A women's startup group will fight Sony Pictures Television in Australia over its right to own the words "Dolphin Tank".
Springboard Enterprises is a US-based non-profit which funds women-led startups and has raised more than $10 billion to invest in women-led businesses over the past two decades. According to IP Australia filings, Springboard — which has an Australian arm — applied to have the logo for its Dolphin Tank program registered with trademark protections last year.
A logo for the Dolphin Tank program that Springboard 2000 Enterprises is hoping to trademark in Australia.
Dolphin Tank sessions allow female entrepreneurs to prepare pitches to a live audience, and the program runs at corporate events around the world.
Rather than the cut-throat pitching environment portrayed in the television show, Shark Tank, Dolphin Tank takes a softer approach with friendly advice and insights to help accelerate the growth of entrepreneurial companies led by women.
The Dolphin Tank registration was opposed by Sony Pictures Television, which argued to IP Australia at the start of the year that the mark should not be allowed to be owned.
Sony is claiming the Dolphin Tank mark is "substantially identical or deceptively similar" to existing trademarks and "similar to a trademark which has acquired a reputation in Australia".
Sony owns a number of trademarks in Australia including for the TV show, Pyramid, and logos relating to the Sci-Fi network.
Sony owns the Shark Tank franchise in Australia. Credit:Amanda Nugent Jones
It also owns the trademarks to the entrepreneur pitch TV show, Shark Tank, which aired on the Ten Network in Australia until 2018.
At the end of February, Springboard told IP Australia it intended to oppose the motion.
Both parties declined to comment further on the case, saying it was an ongoing legal issue.
While uncommon, this is not the first time this year that global brands registered opposition to trademarks in Australia.
Babygoods seller Baby Bunting is facing an objection from information security giant BlackBerry over its attempts to lodge trademarks for its new branding.
According to IP Australia, there are more than 70,000 applications for trademarks filed each year in Australia and opposition rates sit at less than 5 per cent.
However, cases like these have prompted warnings from legal experts about the time it can take for marks to be approved and the potential complexity and cost that comes if your logo faces an objection.

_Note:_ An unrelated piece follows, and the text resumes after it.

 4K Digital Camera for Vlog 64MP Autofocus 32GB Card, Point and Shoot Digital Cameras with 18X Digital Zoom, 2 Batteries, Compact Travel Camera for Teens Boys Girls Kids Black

"It is expensive if it happens. It's not the opposition process that is expensive, but rather what is the most expensive is that you're committing to a brand that has then been opposed," said the director of commercial law firm Aspect Legal, Joanna Oakley.

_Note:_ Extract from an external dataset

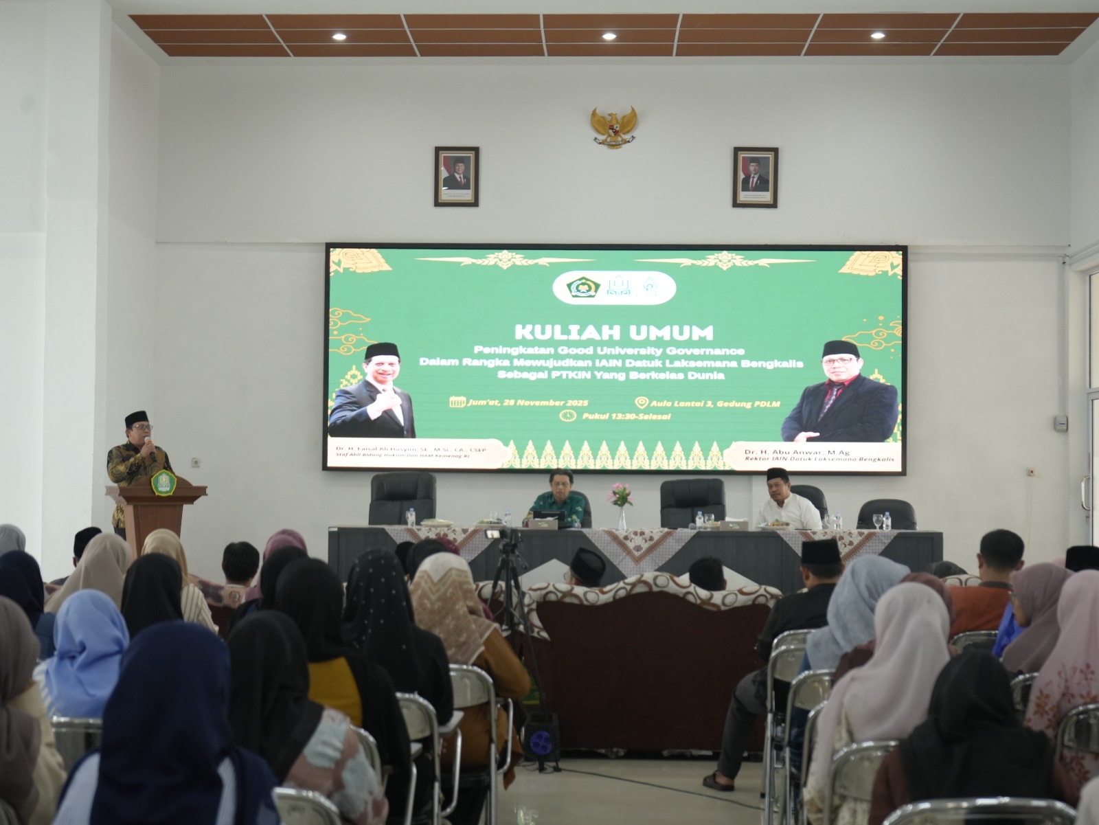 IAIN Datuk Laksemana Bengkalis (humas) Bengkalis — Institut Agama Islam Negeri (IAIN) Datuk Laksemana Bengkalis menggelar kuliah umum dengan tema “Peningkatan Good University Governance dalam Rangka Mewujudkan IAIN Datuk Laksemana Bengkalis sebagai PTKIN yang Berkelas Dunia”, pada Jum’at (28/11/2025).

She said some smaller operators just went "willy nilly" with trademark applications without getting experts to help them search for all possible oppositions which might cross their paths.
Principal at intellectual property law firm Davies Collison Cave, Adam Sears, said companies should be cautious with their applications but remember many objections were resolved before they went to court.
"Most trademark applications are not opposed, but oppositions do come up fairly regularly. The majority of oppositions filed are often settled by agreement at an early stage and before a hearing," he said.
Business owners must be prepared for the oppositions that might emerge because these could come from both local competitors and overseas giants, Mr Sears said.
"I think the important thing for any business before they launch a new brand is to get appropriate research done and advice [first] — to me, that's the take-home," he said.